● **INFORMATION SHOWN**:
....
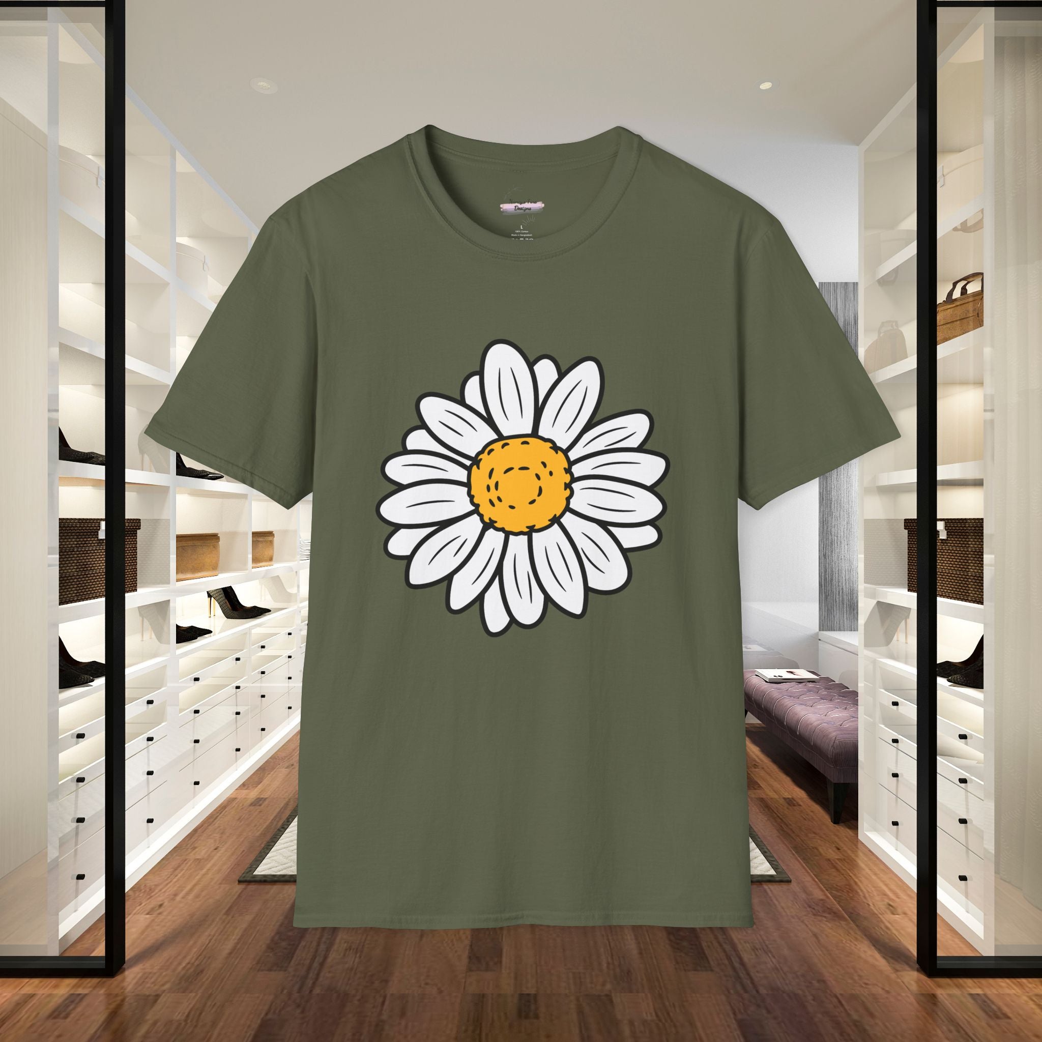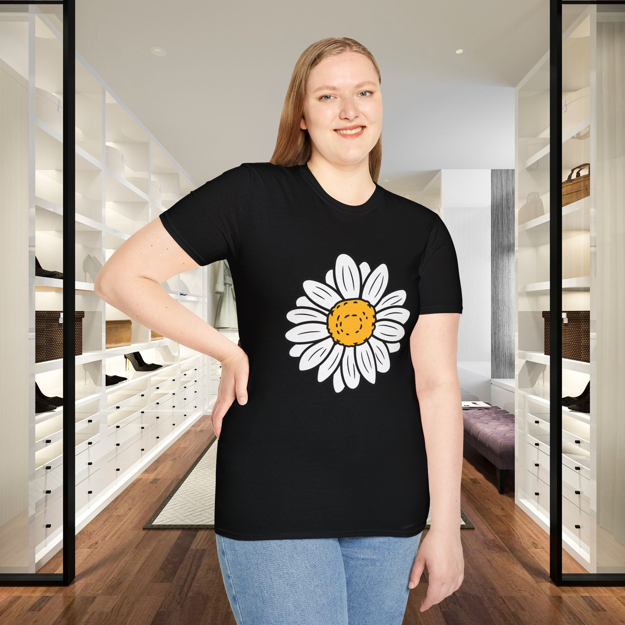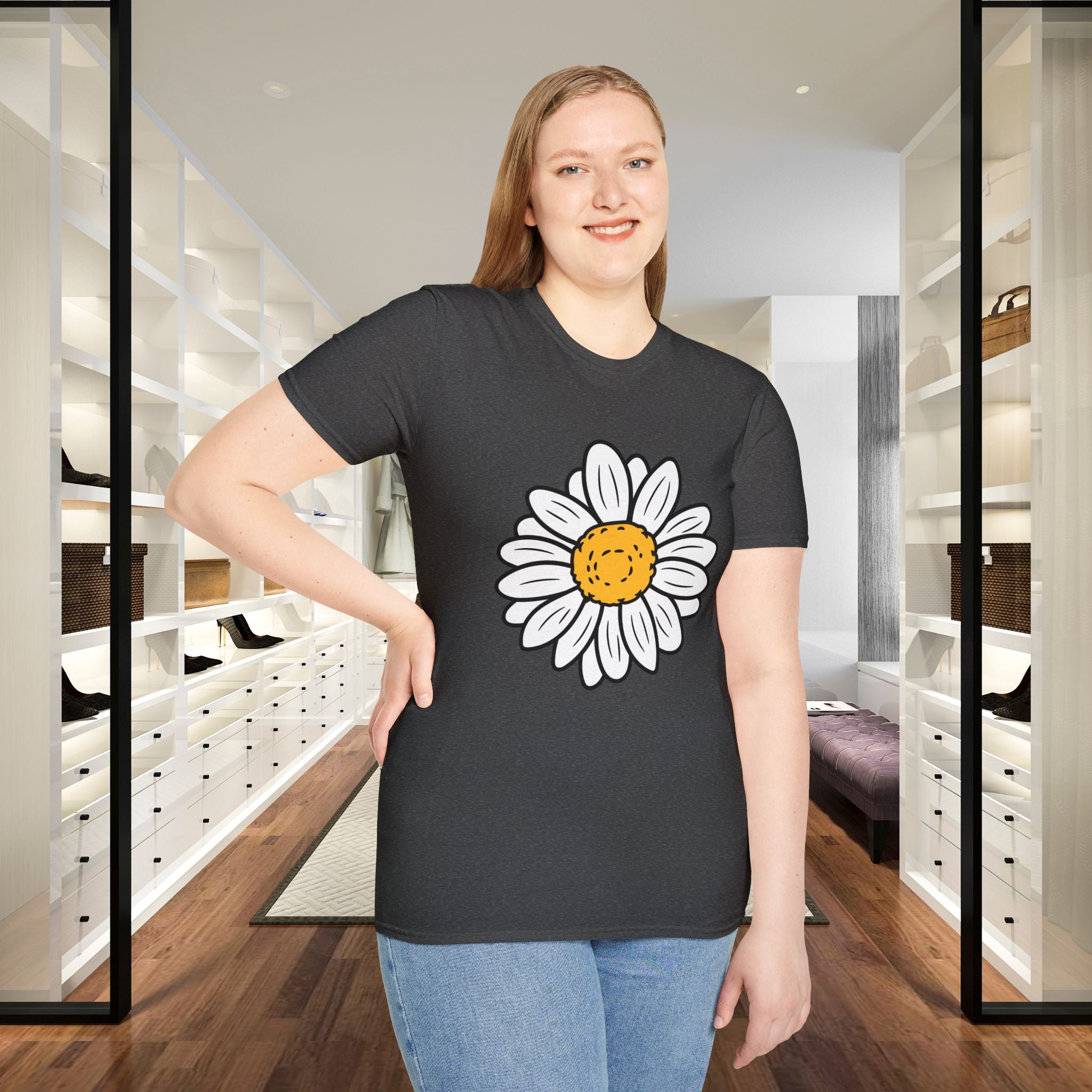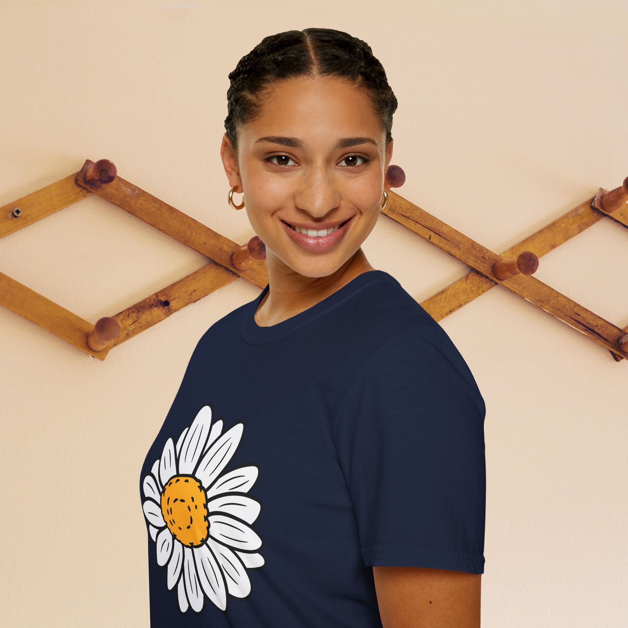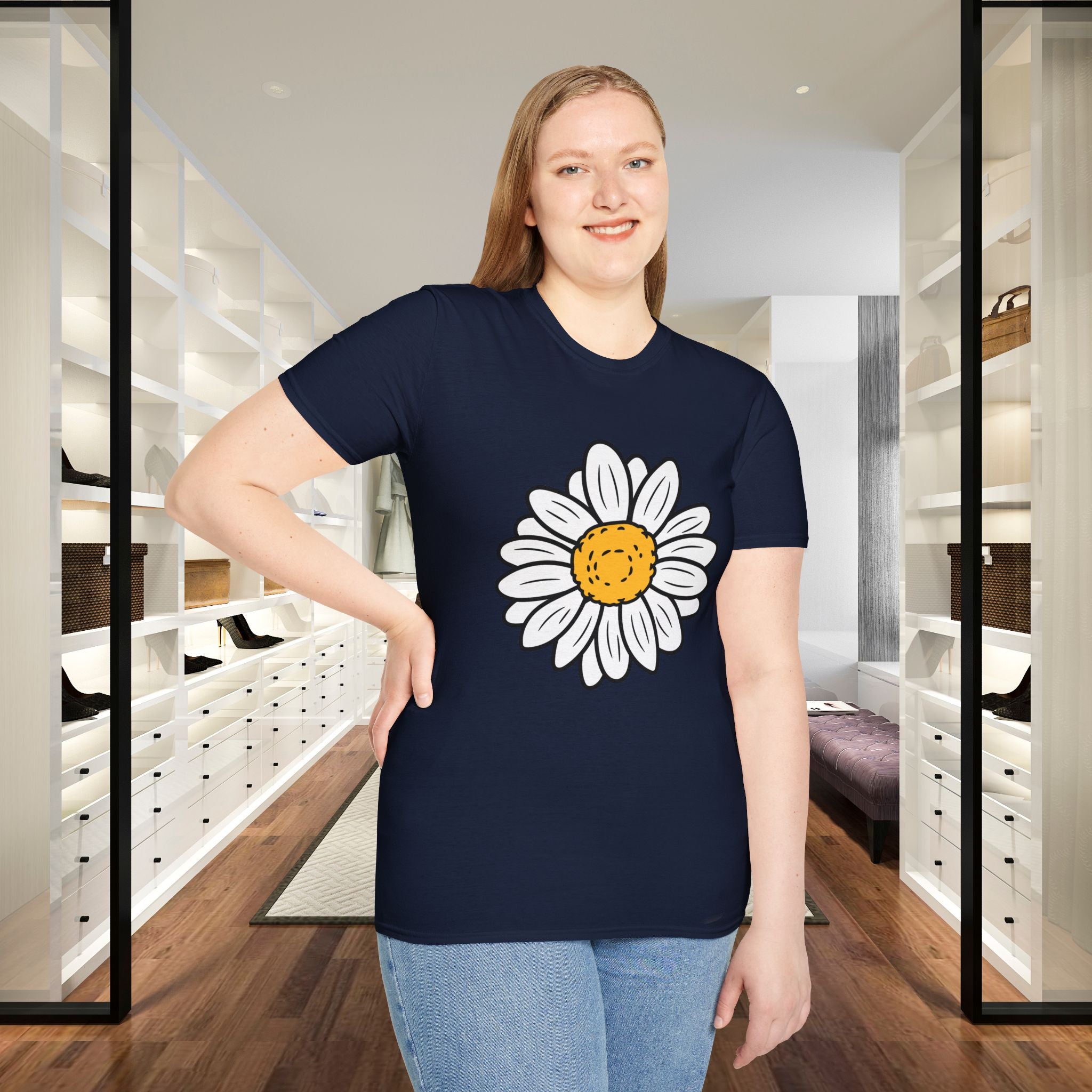 Embrace a casual yet stylish vibe with this unisex soft style t-shirt, featuring a cheerful daisy design that radiates positivity. Perfect for all occasions, this t-shirt makes a fantastic addition to any wardrobe, whether you're lounging at home, enjoying a sunny day out, or gathering with friends. Made of 100% ring-spun cotton for a lightweight feel.
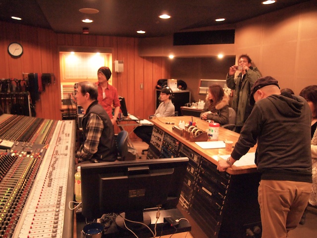演奏の録音が一段落するとコンソールルームに移動して、録音したプレイバックを聞きます。ファンの方々も小人数ずつコンソールルームに入って立ち会います。ミュージシャンで無い一般の方々にとってはこんなに沢山のレコーディング専用機材に囲まれた部屋に入れる機会は中々ありません。
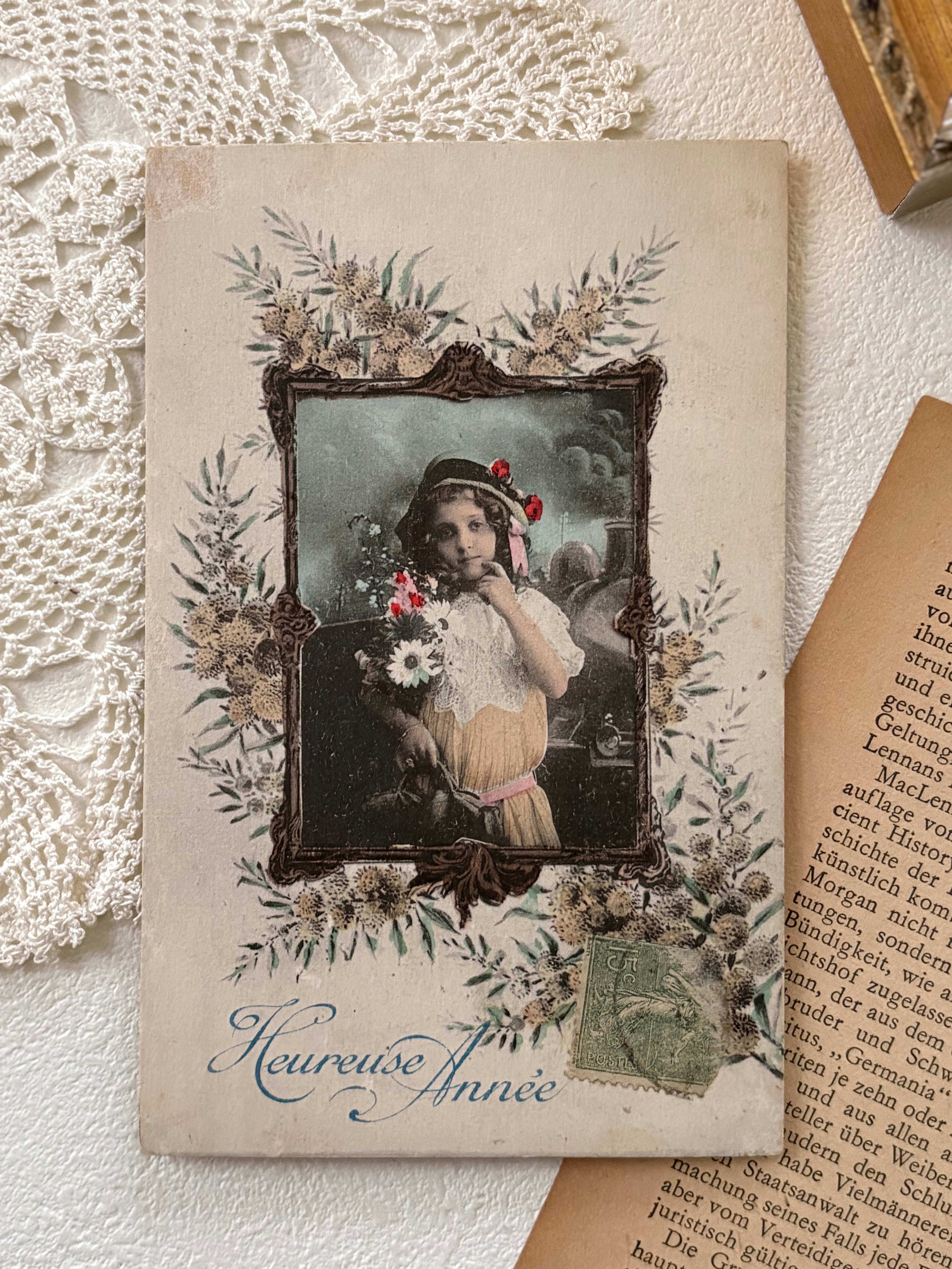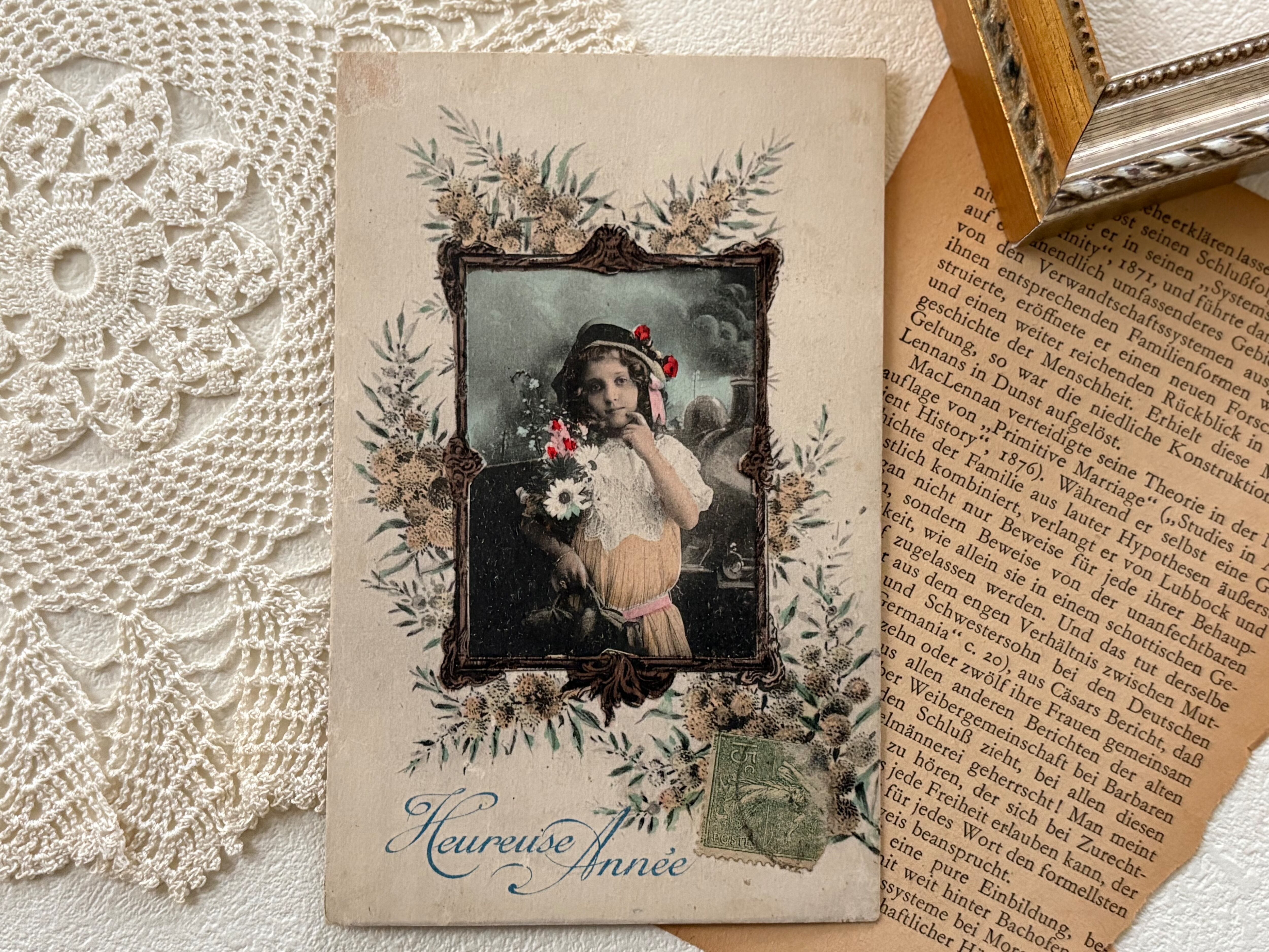 アンティークポストカード Heureuse Année ウール―ザネ ミモザと少女 1919年 額装 コレクション 新年 クリスマス
....
Exclude the pictures. Write out the remaining data exactly.

 Embrace a casual yet stylish vibe with this unisex soft style t-shirt, featuring a cheerful daisy design that radiates positivity. Perfect for all occasions, this t-shirt makes a fantastic addition to any wardrobe, whether you're lounging at home, enjoying a sunny day out, or gathering with friends. Made of 100% ring-spun cotton for a lightweight feel.
演奏の録音が一段落するとコンソールルームに移動して、録音したプレイバックを聞きます。ファンの方々も小人数ずつコンソールルームに入って立ち会います。ミュージシャンで無い一般の方々にとってはこんなに沢山のレコーディング専用機材に囲まれた部屋に入れる機会は中々ありません。
 アンティークポストカード Heureuse Année ウール―ザネ ミモザと少女 1919年 額装 コレクション 新年 クリスマス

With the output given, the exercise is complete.